---- Input data

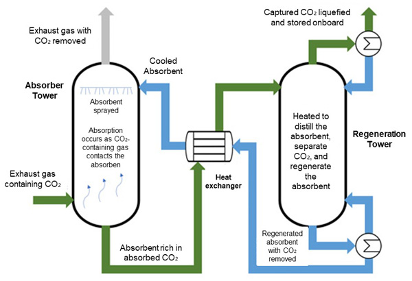 Given that the large-scale adoption of alternative marine fuels is unlikely in the near term, considerable attention has shifted toward Onboard Carbon Capture and Storage (OCCS)—an approach that adapts established Carbon Capture, Utilization, and Storage (CCUS) technologies for maritime applications. Among the various CCUS methods, chemical absorption-based post-combustion capture is currently considered as the most viable option for ships, as it can be integrated with minimal modification to existing propulsion systems.
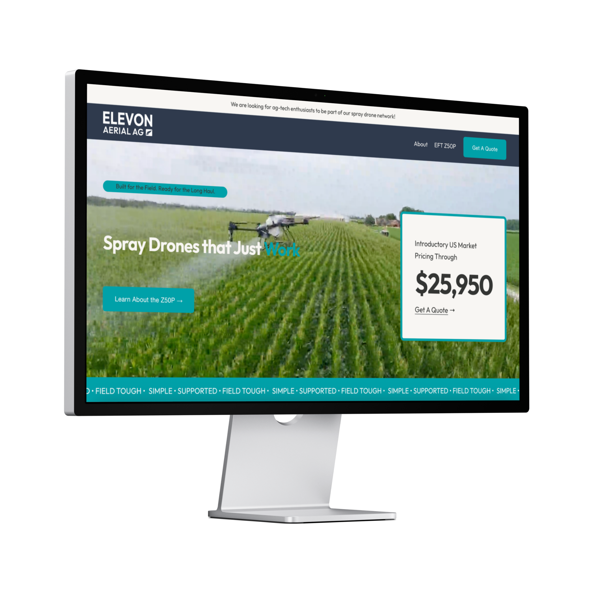Elevon launched with a complete brand foundation — from name to logo, website, and launch materials — and entered the competitive United States market as a service-first spray drone distributor.
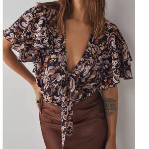 ● A soft, effortless floral paisley print bodysuit featuring in a surplice design with a tie front detail and tiered ruffled short sleeves silhouette with a plunging neckline.

--------

# [Exercise details]
Whenever a line holds a picture, print that line without the picture. All other data must be output exactly.

# [Output of the exercise]
 Given that the large-scale adoption of alternative marine fuels is unlikely in the near term, considerable attention has shifted toward Onboard Carbon Capture and Storage (OCCS)—an approach that adapts established Carbon Capture, Utilization, and Storage (CCUS) technologies for maritime applications. Among the various CCUS methods, chemical absorption-based post-combustion capture is currently considered as the most viable option for ships, as it can be integrated with minimal modification to existing propulsion systems.
Elevon launched with a complete brand foundation — from name to logo, website, and launch materials — and entered the competitive United States market as a service-first spray drone distributor.
 ● A soft, effortless floral paisley print bodysuit featuring in a surplice design with a tie front detail and tiered ruffled short sleeves silhouette with a plunging neckline.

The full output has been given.